The retrospective nature of this study is a limitation, and not all treatment or diagnostic attributes could be controlled for. Given the nature of the study design in addition to emerging and evolving technologies, not all groups had equal or comparable cohort sizes, particularly in the newest technology and older SART age groups. Specifically, the discrepancy between duration and the number of outcomes in the subjective NGS cohort can be attributed primarily to the fact that two PGT-A technologies were used during this period: aCGH and subjective NGS. In contrast, with integration of AI technologies, one hundred percent of cases were run on the respective technology that was clinically available to patients at that time. Additionally, PGT-A utilization rates increased significantly as the value of the technology became increasingly apparent. While trends here are encouraging, they will have to be revisited when more data becomes available. Additionally, the clinical outcome of embryos with more than two mosaic findings was not independently studied because these were assigned to the category of abnormal, therefore, not suitable for transfer. Although there is evidence that complex mosaic embryos have decreased implantation potential, information on this subject is limited. In addition, uterine factor or history of multiple pregnancy losses were not incorporated into this analysis. Furthermore, product of conception testing was not done routinely or data unavailable, which would provide valuable insights into potential false-negative rates (and differences) between technological approaches. Similarly, aneuploid embryos were not transferred, precluding the ability to determine the true false-positive rates of any of the technologies. Finally, due to small cohort sizes, age stratification of pregnancy outcomes was not performed. While it is possible that age stratification could modify interpretation of the data, comparable pregnancy outcomes have been shown across maternal age with euploid embryo transfer [21].

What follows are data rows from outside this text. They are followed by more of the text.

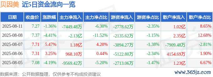 本站讯息,收尾2025年8月11日收盘,贝因好意思(002570)报收于7.27元,下落1.36%,换手率15.06%,成交量162.62万手,成交额11.82亿元。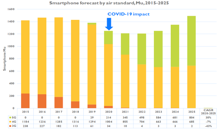 尽管全球手机整体出货量增速放缓,但由于疫情防控让大多数人出行受限,消费者对电子终端产品的消费需求上升。同时随着5G手机带来的技术创新和全新用户体验,5G将赋能手机行业新的增长点。根据Yole Development预测,2020-2025年5G智能手机的年均复合增长率将高达30%,5G手机出货量的快速增长以及5G通信带来的价值量提升将带动射频前端市场规模迅速扩大。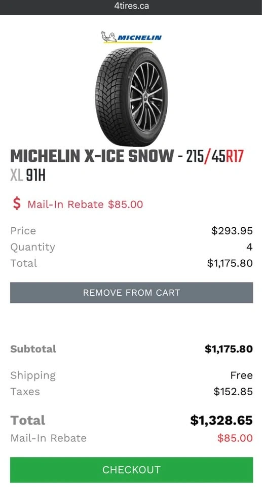 Michelin Tires with Rims - 215/45R17 (91H) Tubless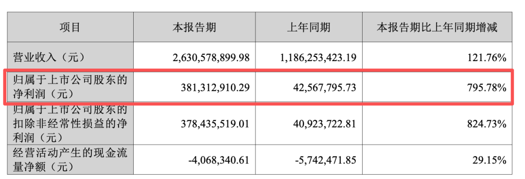 4月27日晚间,章源钨业(002378)发布一季报,公司2026年第一季度实现营业收入26.31亿元,同比增长121.76%;净利润3.81亿元,同比增长795.78%;扣非净利润 3.78 亿元,同比增幅达824.73%。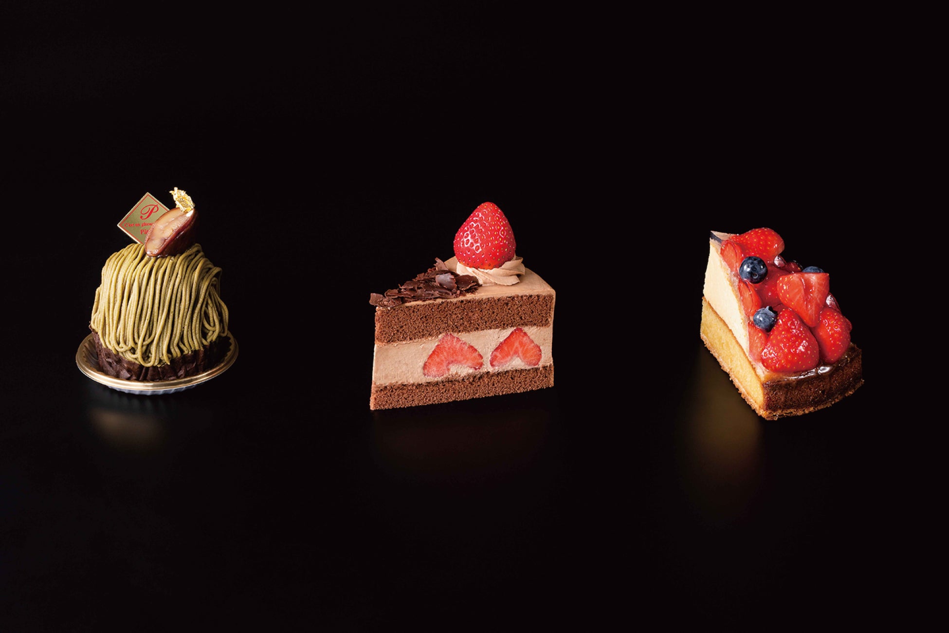 ◇イートイン料金:高尾山フロマージュ728円、いちごのチョコレートショートケーキ784円、いちごのタルトケーキ784円ほか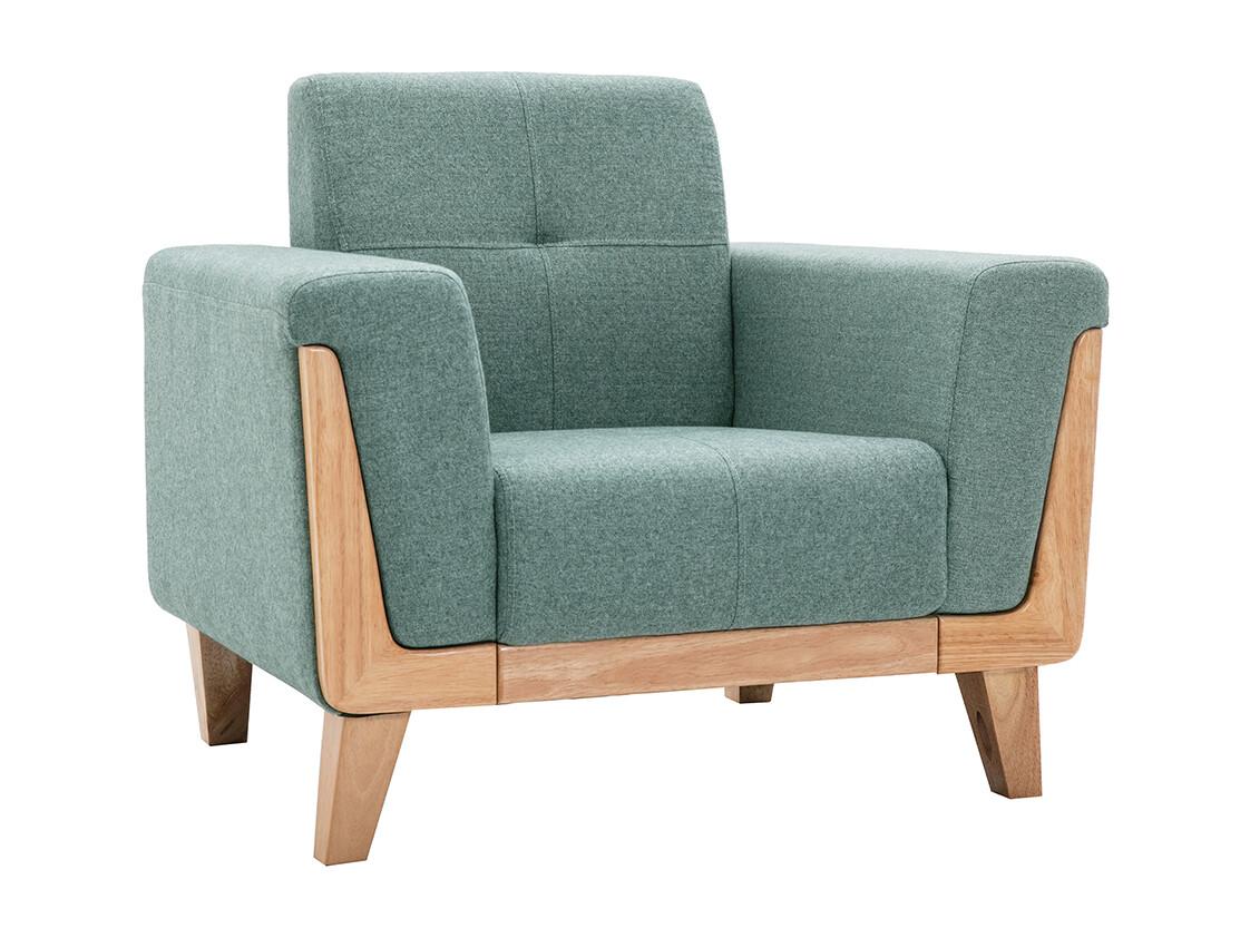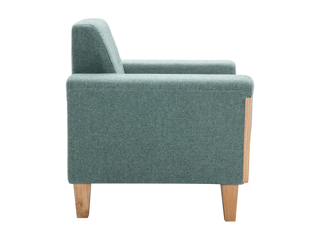 Fauteuil scandinave en tissu vert de gris et bois clair FJORD

In conclusion, this retrospective cohort study found that the implementation of AI 2.0 significantly improves OP/LBR and significantly decreases BPR when compared to subjective NGS for PGT-A. This is most likely due to increased accuracy of AI 2.0 in detecting euploidy, aneuploidy, simple mosaicism and triploidy embryos as seen in our results. Given that artificial intelligence generally produces stronger classifiers with increased data, larger, randomized and prospective studies are needed to confirm these findings.